Every single entry must be restated word for word.

____

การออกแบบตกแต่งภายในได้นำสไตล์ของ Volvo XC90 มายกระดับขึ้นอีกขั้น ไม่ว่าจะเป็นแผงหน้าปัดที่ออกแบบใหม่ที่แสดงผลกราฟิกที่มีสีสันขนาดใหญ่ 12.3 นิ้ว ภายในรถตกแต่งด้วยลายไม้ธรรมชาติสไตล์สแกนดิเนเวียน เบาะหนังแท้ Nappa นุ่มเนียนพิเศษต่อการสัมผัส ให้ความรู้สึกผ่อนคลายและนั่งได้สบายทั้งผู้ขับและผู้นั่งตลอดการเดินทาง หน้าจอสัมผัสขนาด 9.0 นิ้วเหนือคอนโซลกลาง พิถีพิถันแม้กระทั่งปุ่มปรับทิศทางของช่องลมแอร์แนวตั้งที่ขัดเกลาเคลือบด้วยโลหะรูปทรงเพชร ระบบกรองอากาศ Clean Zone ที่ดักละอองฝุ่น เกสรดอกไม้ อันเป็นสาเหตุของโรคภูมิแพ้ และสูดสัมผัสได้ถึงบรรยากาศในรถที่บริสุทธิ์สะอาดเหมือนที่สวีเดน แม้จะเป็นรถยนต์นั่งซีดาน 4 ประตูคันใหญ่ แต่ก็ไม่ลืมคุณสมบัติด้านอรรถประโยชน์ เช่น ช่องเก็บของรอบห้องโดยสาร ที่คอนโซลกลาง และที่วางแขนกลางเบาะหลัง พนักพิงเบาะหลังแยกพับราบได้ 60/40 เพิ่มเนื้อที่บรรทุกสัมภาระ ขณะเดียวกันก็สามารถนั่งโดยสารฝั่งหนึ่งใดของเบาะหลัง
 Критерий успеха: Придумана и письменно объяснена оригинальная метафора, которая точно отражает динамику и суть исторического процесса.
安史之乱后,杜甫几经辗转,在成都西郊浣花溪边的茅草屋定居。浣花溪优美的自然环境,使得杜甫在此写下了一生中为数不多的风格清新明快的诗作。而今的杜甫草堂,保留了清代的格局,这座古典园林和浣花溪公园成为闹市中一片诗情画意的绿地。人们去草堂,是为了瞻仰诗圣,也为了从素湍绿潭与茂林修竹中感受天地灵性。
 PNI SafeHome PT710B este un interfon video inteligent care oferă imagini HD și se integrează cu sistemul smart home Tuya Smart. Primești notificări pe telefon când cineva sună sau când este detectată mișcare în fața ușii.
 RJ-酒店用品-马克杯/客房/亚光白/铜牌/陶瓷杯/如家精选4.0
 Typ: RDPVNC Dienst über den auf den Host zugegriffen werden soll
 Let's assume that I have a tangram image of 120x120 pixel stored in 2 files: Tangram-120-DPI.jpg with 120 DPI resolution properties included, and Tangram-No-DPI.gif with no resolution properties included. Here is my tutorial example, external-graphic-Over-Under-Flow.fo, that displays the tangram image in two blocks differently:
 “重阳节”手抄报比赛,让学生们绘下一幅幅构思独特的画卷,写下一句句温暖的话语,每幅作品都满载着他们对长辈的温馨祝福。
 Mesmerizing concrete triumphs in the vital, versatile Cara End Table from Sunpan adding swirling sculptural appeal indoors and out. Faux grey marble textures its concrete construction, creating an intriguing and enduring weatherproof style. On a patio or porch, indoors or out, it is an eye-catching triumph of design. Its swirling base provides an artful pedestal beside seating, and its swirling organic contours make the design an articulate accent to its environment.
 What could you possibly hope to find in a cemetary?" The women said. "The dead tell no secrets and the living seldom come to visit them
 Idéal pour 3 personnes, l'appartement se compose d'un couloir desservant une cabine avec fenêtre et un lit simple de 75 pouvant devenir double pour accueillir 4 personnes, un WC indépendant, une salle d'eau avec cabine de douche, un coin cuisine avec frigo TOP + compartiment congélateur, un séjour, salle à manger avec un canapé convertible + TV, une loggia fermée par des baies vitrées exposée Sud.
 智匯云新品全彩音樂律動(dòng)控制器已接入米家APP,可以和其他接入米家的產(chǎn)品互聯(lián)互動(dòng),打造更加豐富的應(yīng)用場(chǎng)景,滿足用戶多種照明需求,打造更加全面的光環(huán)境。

____

- Final answer -
การออกแบบตกแต่งภายในได้นำสไตล์ของ Volvo XC90 มายกระดับขึ้นอีกขั้น ไม่ว่าจะเป็นแผงหน้าปัดที่ออกแบบใหม่ที่แสดงผลกราฟิกที่มีสีสันขนาดใหญ่ 12.3 นิ้ว ภายในรถตกแต่งด้วยลายไม้ธรรมชาติสไตล์สแกนดิเนเวียน เบาะหนังแท้ Nappa นุ่มเนียนพิเศษต่อการสัมผัส ให้ความรู้สึกผ่อนคลายและนั่งได้สบายทั้งผู้ขับและผู้นั่งตลอดการเดินทาง หน้าจอสัมผัสขนาด 9.0 นิ้วเหนือคอนโซลกลาง พิถีพิถันแม้กระทั่งปุ่มปรับทิศทางของช่องลมแอร์แนวตั้งที่ขัดเกลาเคลือบด้วยโลหะรูปทรงเพชร ระบบกรองอากาศ Clean Zone ที่ดักละอองฝุ่น เกสรดอกไม้ อันเป็นสาเหตุของโรคภูมิแพ้ และสูดสัมผัสได้ถึงบรรยากาศในรถที่บริสุทธิ์สะอาดเหมือนที่สวีเดน แม้จะเป็นรถยนต์นั่งซีดาน 4 ประตูคันใหญ่ แต่ก็ไม่ลืมคุณสมบัติด้านอรรถประโยชน์ เช่น ช่องเก็บของรอบห้องโดยสาร ที่คอนโซลกลาง และที่วางแขนกลางเบาะหลัง พนักพิงเบาะหลังแยกพับราบได้ 60/40 เพิ่มเนื้อที่บรรทุกสัมภาระ ขณะเดียวกันก็สามารถนั่งโดยสารฝั่งหนึ่งใดของเบาะหลัง
 Критерий успеха: Придумана и письменно объяснена оригинальная метафора, которая точно отражает динамику и суть исторического процесса.
安史之乱后,杜甫几经辗转,在成都西郊浣花溪边的茅草屋定居。浣花溪优美的自然环境,使得杜甫在此写下了一生中为数不多的风格清新明快的诗作。而今的杜甫草堂,保留了清代的格局,这座古典园林和浣花溪公园成为闹市中一片诗情画意的绿地。人们去草堂,是为了瞻仰诗圣,也为了从素湍绿潭与茂林修竹中感受天地灵性。
 PNI SafeHome PT710B este un interfon video inteligent care oferă imagini HD și se integrează cu sistemul smart home Tuya Smart. Primești notificări pe telefon când cineva sună sau când este detectată mișcare în fața ușii.
 RJ-酒店用品-马克杯/客房/亚光白/铜牌/陶瓷杯/如家精选4.0
 Typ: RDPVNC Dienst über den auf den Host zugegriffen werden soll
 Let's assume that I have a tangram image of 120x120 pixel stored in 2 files: Tangram-120-DPI.jpg with 120 DPI resolution properties included, and Tangram-No-DPI.gif with no resolution properties included. Here is my tutorial example, external-graphic-Over-Under-Flow.fo, that displays the tangram image in two blocks differently:
 “重阳节”手抄报比赛,让学生们绘下一幅幅构思独特的画卷,写下一句句温暖的话语,每幅作品都满载着他们对长辈的温馨祝福。
 Mesmerizing concrete triumphs in the vital, versatile Cara End Table from Sunpan adding swirling sculptural appeal indoors and out. Faux grey marble textures its concrete construction, creating an intriguing and enduring weatherproof style. On a patio or porch, indoors or out, it is an eye-catching triumph of design. Its swirling base provides an artful pedestal beside seating, and its swirling organic contours make the design an articulate accent to its environment.
 What could you possibly hope to find in a cemetary?" The women said. "The dead tell no secrets and the living seldom come to visit them
 Idéal pour 3 personnes, l'appartement se compose d'un couloir desservant une cabine avec fenêtre et un lit simple de 75 pouvant devenir double pour accueillir 4 personnes, un WC indépendant, une salle d'eau avec cabine de douche, un coin cuisine avec frigo TOP + compartiment congélateur, un séjour, salle à manger avec un canapé convertible + TV, une loggia fermée par des baies vitrées exposée Sud.
 智匯云新品全彩音樂律動(dòng)控制器已接入米家APP,可以和其他接入米家的產(chǎn)品互聯(lián)互動(dòng),打造更加豐富的應(yīng)用場(chǎng)景,滿足用戶多種照明需求,打造更加全面的光環(huán)境。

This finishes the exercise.